Kritik an Seehofer-Äußerung

Bundesinnenminister Horst Seehofer (CSU) hatte mit Äußerungen über Abschiebungen nach Afghanistan zum Teil scharfe Kritik geerntet. Zu Beginn der Vorstellung seines "Masterplans Migration" hatte der CSU-Chef am Dienstag in Berlin gesagt, dass "ausgerechnet" an seinem 69. Geburtstag vor einer Woche 69 Menschen nach Afghanistan zurückgeführt worden seien. "Das war von mir nicht so bestellt", sagte er. Am Mittwoch wurde bekannt, dass einer der Abgeschobenen leblos in einer Zwischenunterkunft in Kabul aufgefunden wurde. Offenbar hatte er sich selbst das Leben genommen.

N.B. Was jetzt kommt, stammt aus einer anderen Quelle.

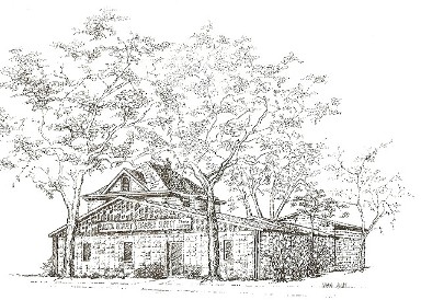 FEATURED DRAWING: "Flyover" depicts mallard and hen above the boyhood home of a client. This 22" x 28" color pencil and pastel, drawn from taxidermy mounts and aerial photos, is striking because of its attention to detail and juxtaposition with a three-generation farmstead.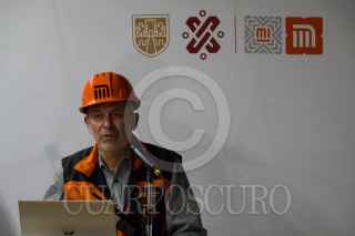 CIUDAD DE MÉXICO, 30MARZO2022.- Guillermo Calderón Aguilera, director general del Sistema de Transporte Colectivo (metro) encabezó la conferencia de prensa en las inmediaciones de la estación Mexicaltzingo donde anunció que se cambiarán los cárcamos de la parte subterránea de la Línea 12 del metro. A fin de resolver las filtraciones de agua FOTO: GALO CAÑAS/CUARTOSCURO.COM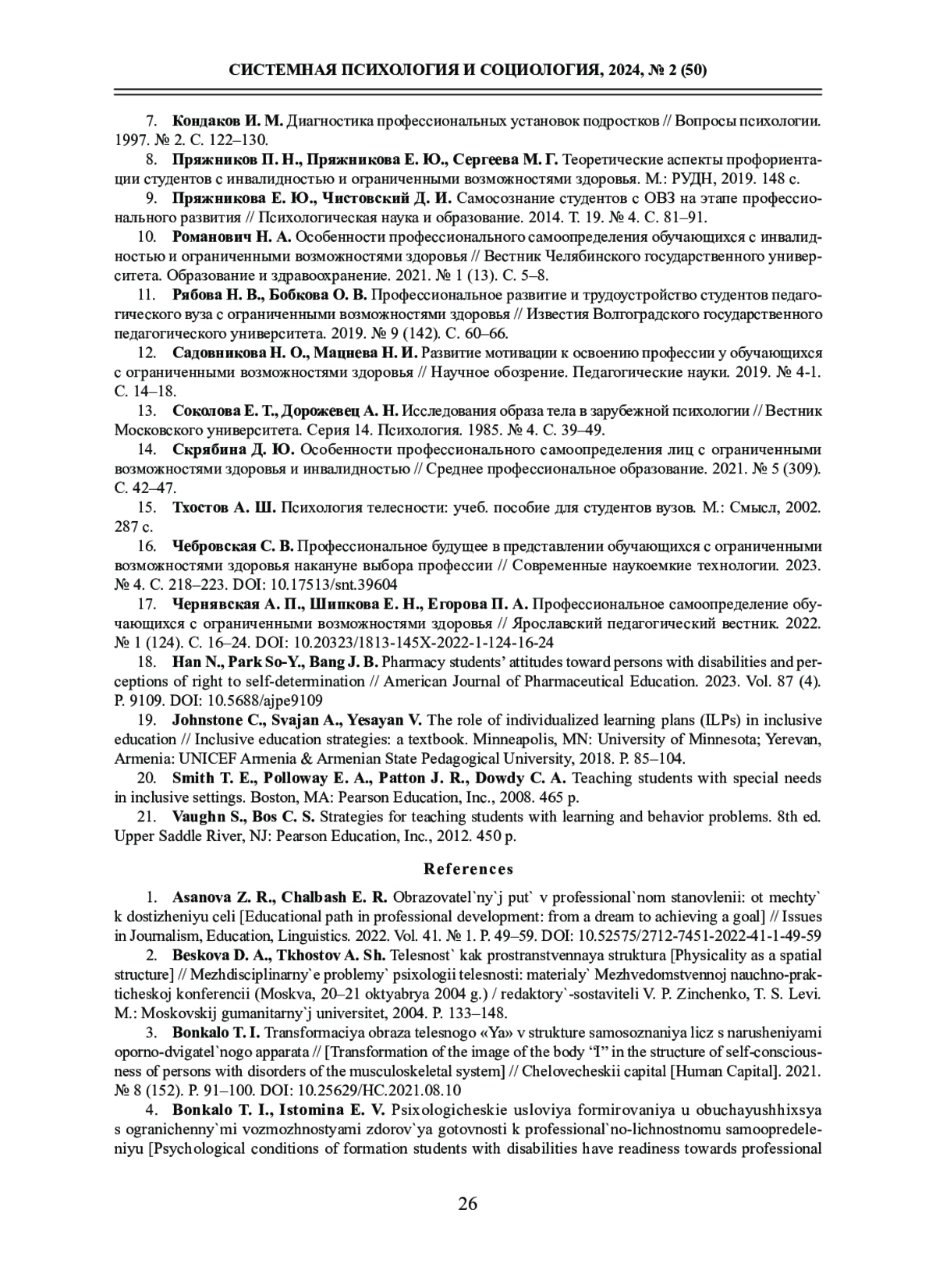 9. Пряжникова Е. Ю., Чистовский Д. И. Самосознание студентов с ОВЗ на этапе профессионального развития // Психологическая наука и образование. 2014. Т. 19. № 4. С. 81-91. EDN: TDYBWF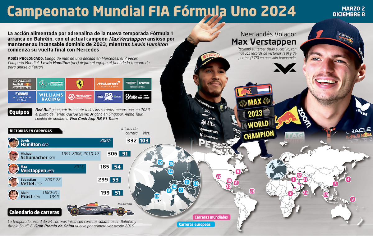 El neerlandés Max Verstappen (Red Bull), de 26 años y que el año pasado capturó un tercer título seguido –el más fácil para él, pues logró 19 victorias, sumando un total de 575 puntos y doblando la puntuación del segundo clasificado, el mexicano 'Checo' Pérez (Red Bull), que acabó con 285–, busca el póquer en el Mundial de Fórmula Uno, el más largo de la historia, de 24 carreras; que arranca esta semana con la disputa del Gran Premio de Bahrain.

"Es ist eine Atmosphäre entstanden, in der nicht die Rettung des Lebens von Menschen als Erfolg gesehen wird, sondern ihre Abschiebung in möglichst großer Zahl", sagte Bedford-Strohm. "Als Christen glauben wir, dass jeder Mensch geschaffen ist zum Bilde Gottes." Wer den christlichen Glauben ernst nehme, müsse in seinem öffentlichen Reden und politischen Handeln die damit verbundene Achtung vor jedem Menschen zum Ausdruck bringen, betonte der EKD-Ratsvorsitzende und bayerische Landesbischof.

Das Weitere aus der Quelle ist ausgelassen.